(Beginning of DATA UNDER STUDY)

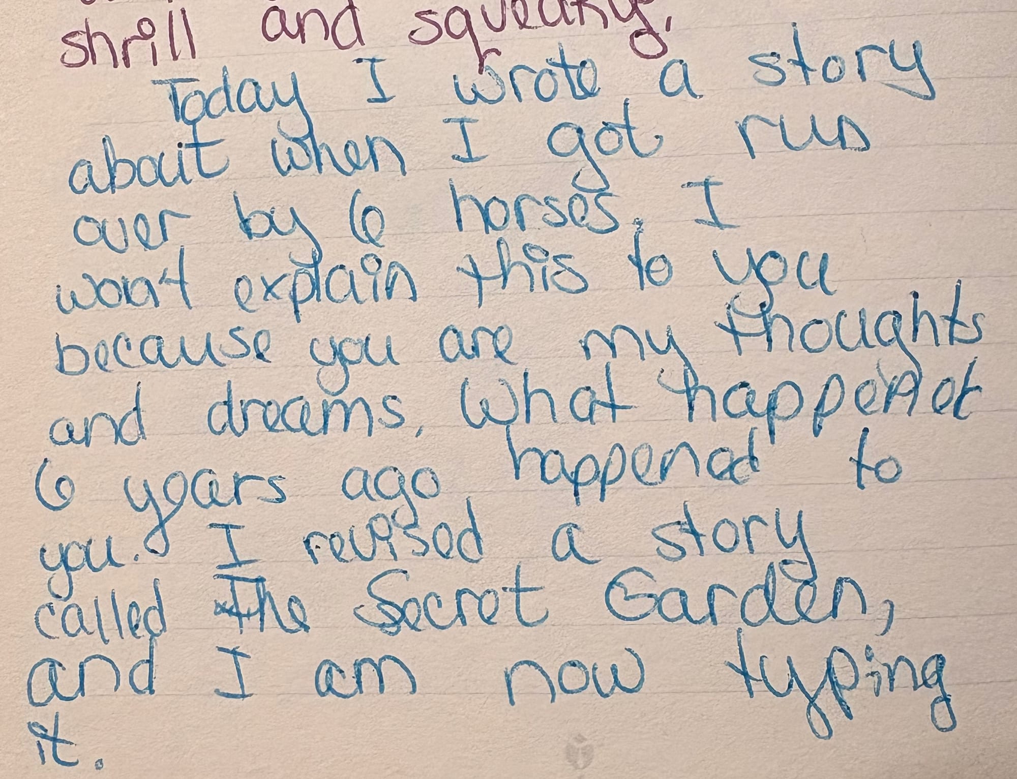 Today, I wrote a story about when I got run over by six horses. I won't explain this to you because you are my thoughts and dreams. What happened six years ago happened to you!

(End of DATA UNDER STUDY)
(Beginning of DATA UNDER STUDY)

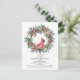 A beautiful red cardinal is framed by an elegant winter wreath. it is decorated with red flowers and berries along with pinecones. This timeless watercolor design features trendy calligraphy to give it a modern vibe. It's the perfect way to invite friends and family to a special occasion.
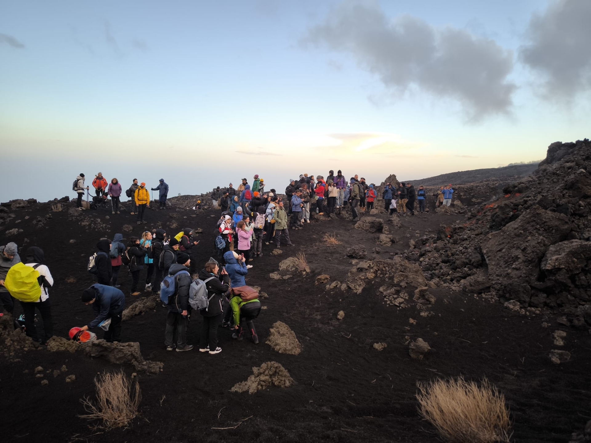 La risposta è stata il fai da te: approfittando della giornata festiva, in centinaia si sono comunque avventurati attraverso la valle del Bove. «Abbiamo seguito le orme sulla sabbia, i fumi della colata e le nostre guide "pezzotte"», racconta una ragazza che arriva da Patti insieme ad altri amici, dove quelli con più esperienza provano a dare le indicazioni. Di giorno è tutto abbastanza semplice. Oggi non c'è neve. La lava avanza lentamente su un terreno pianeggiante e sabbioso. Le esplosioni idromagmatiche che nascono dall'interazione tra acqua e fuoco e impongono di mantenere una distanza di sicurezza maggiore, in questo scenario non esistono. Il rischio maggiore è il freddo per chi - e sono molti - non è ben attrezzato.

(End of DATA UNDER STUDY)

ABOUT THIS EXERCISE:
Copy only what runs above from the line containing "A beautiful red" through the line containing "La risposta è", exactly. Leave out the pictures.

PROBLEM SOLUTION:
 A beautiful red cardinal is framed by an elegant winter wreath. it is decorated with red flowers and berries along with pinecones. This timeless watercolor design features trendy calligraphy to give it a modern vibe. It's the perfect way to invite friends and family to a special occasion.
 La risposta è stata il fai da te: approfittando della giornata festiva, in centinaia si sono comunque avventurati attraverso la valle del Bove. «Abbiamo seguito le orme sulla sabbia, i fumi della colata e le nostre guide "pezzotte"», racconta una ragazza che arriva da Patti insieme ad altri amici, dove quelli con più esperienza provano a dare le indicazioni. Di giorno è tutto abbastanza semplice. Oggi non c'è neve. La lava avanza lentamente su un terreno pianeggiante e sabbioso. Le esplosioni idromagmatiche che nascono dall'interazione tra acqua e fuoco e impongono di mantenere una distanza di sicurezza maggiore, in questo scenario non esistono. Il rischio maggiore è il freddo per chi - e sono molti - non è ben attrezzato.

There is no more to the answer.